Every line of the material below should be output exactly as written, with the images skipped.

§ **Source material**
....

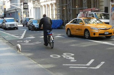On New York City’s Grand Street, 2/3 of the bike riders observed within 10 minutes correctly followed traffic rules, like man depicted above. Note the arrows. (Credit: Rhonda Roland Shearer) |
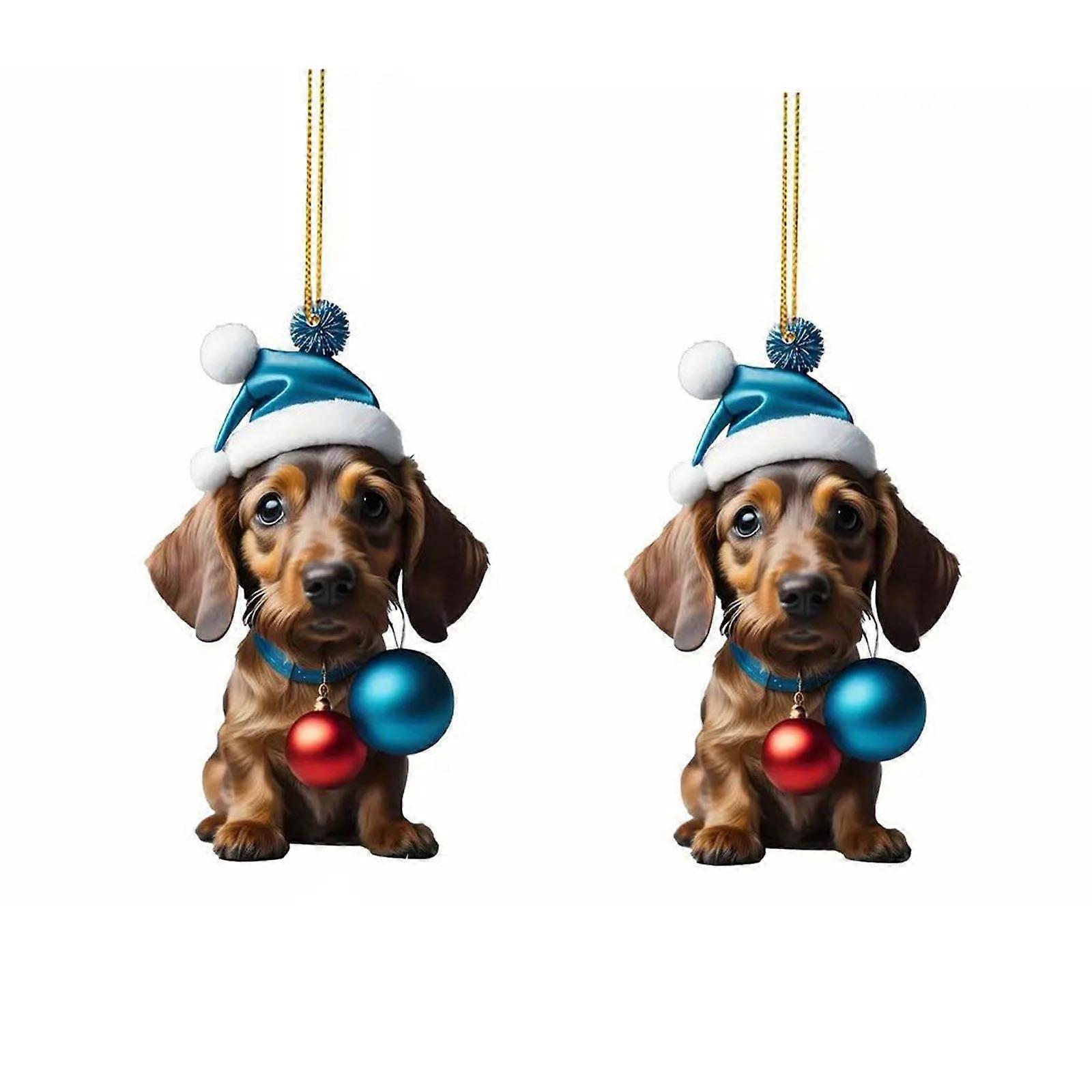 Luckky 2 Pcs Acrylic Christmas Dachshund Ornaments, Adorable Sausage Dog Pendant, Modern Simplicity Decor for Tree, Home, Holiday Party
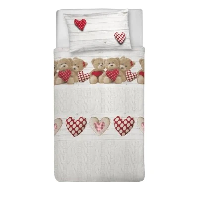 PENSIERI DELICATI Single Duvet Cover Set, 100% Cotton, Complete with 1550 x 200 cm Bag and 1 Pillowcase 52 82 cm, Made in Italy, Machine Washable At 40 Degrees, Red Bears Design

....

§ **Solution to the exercise**
On New York City’s Grand Street, 2/3 of the bike riders observed within 10 minutes correctly followed traffic rules, like man depicted above. Note the arrows. (Credit: Rhonda Roland Shearer) |
 Luckky 2 Pcs Acrylic Christmas Dachshund Ornaments, Adorable Sausage Dog Pendant, Modern Simplicity Decor for Tree, Home, Holiday Party
 PENSIERI DELICATI Single Duvet Cover Set, 100% Cotton, Complete with 1550 x 200 cm Bag and 1 Pillowcase 52 82 cm, Made in Italy, Machine Washable At 40 Degrees, Red Bears Design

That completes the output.